The Optimization module provides algorithms for training machine learning models in the Neurenix framework. These optimizers update model parameters based on gradients to minimize the loss function, enabling the model to learn from data.

Neurenix's optimization algorithms are implemented using a multi-language architecture, where the high-performance operations are implemented in the Rust/C++ Phynexus engine, while the Python API provides a user-friendly interface. This architecture enables Neurenix to deliver optimal performance across a wide range of devices, from edge devices to multi-GPU clusters.

Key Concepts¶

Gradient-Based Optimization¶

Neurenix's optimizers use gradient-based methods to update model parameters. The gradient of the loss function with respect to each parameter indicates the direction of steepest ascent, so optimizers move parameters in the opposite direction to minimize the loss.

Parameter Groups¶

Optimizers in Neurenix support parameter groups, allowing different parts of a model to use different hyperparameters (e.g., learning rates). This is particularly useful for fine-tuning pre-trained models or implementing learning rate schedules.

Edge Device Optimization¶

Neurenix's optimizers are designed with edge devices in mind, with efficient implementations that minimize memory usage and computational requirements while maintaining high performance. This makes Neurenix particularly well-suited for AI agent applications on resource-constrained hardware.

Multi-Device Support¶

Optimizers in Neurenix can work with parameters stored on different devices (CPU, CUDA, ROCm, WebGPU), enabling efficient training across a wide range of hardware configurations.

API Reference¶

Base Optimizer¶

neurenix.optim.Optimizer(params, defaults)

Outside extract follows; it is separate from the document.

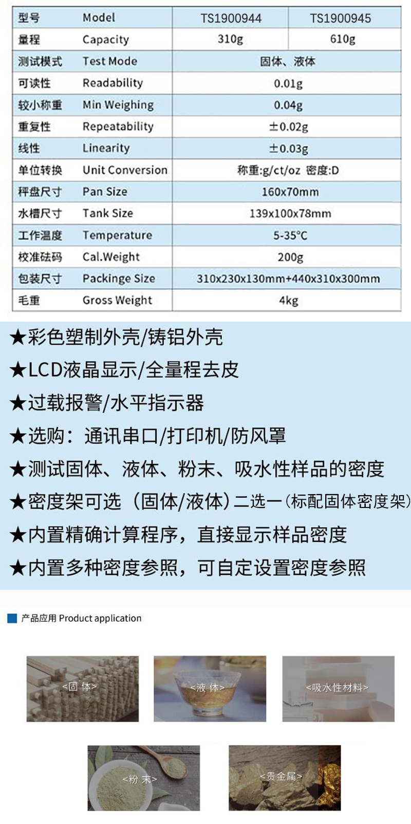 ·密度架可选(固体/液体)

Base class for all optimizers.

Parameters: - params: An iterable of tensors to optimize. - defaults: Default hyperparameters for the optimizer.

Methods: - zero_grad(): Reset the gradients of all optimized tensors. - step(): Update the parameters based on the current gradients. - add_param_group(param_group): Add a parameter group to the optimizer.

Example:

import neurenix
from neurenix.optim import Optimizer

# Create a custom optimizer
class MyOptimizer(Optimizer):
    def __init__(self, params, lr=0.01):
        defaults = {"lr": lr}
        super().__init__(params, defaults)

    def step(self):
        for group in self._parameter_groups:
            for param in group["params"]:
                if param.grad is not None:
                    # Simple gradient descent update
                    param._numpy_data -= group["lr"] * param.grad.numpy()

# Create a model
model = neurenix.nn.Sequential(
    neurenix.nn.Linear(10, 5),
    neurenix.nn.ReLU(),
    neurenix.nn.Linear(5, 1)
)

# Create an optimizer
optimizer = MyOptimizer(model.parameters(), lr=0.01)

# Training loop
for epoch in range(10):
    # Forward pass
    output = model(input_data)
    loss = loss_function(output, target_data)

    # Backward pass
    optimizer.zero_grad()
    loss.backward()
    optimizer.step()

Stochastic Gradient Descent (SGD)¶

neurenix.optim.SGD(params, lr=0.01, momentum=0, dampening=0, weight_decay=0, nesterov=False)

Implements stochastic gradient descent (optionally with momentum).

Parameters: - params: Iterable of parameters to optimize or dicts defining parameter groups. - lr: Learning rate. - momentum: Momentum factor. - dampening: Dampening for momentum. - weight_decay: Weight decay (L2 penalty). - nesterov: Enables Nesterov momentum.

Example:

import neurenix
from neurenix.nn import Linear, Sequential, ReLU
from neurenix.optim import SGD

# Create a model
model = Sequential(
    Linear(10, 5),
    ReLU(),
    Linear(5, 1)
)

# Create an SGD optimizer
optimizer = SGD(model.parameters(), lr=0.01, momentum=0.9, weight_decay=1e-4)

# Training loop
for epoch in range(10):
    # Forward pass
    output = model(input_data)
    loss = loss_function(output, target_data)

    # Backward pass
    optimizer.zero_grad()
    loss.backward()
    optimizer.step()

Adam¶

neurenix.optim.Adam(params, lr=0.001, betas=(0.9, 0.999), eps=1e-8, weight_decay=0)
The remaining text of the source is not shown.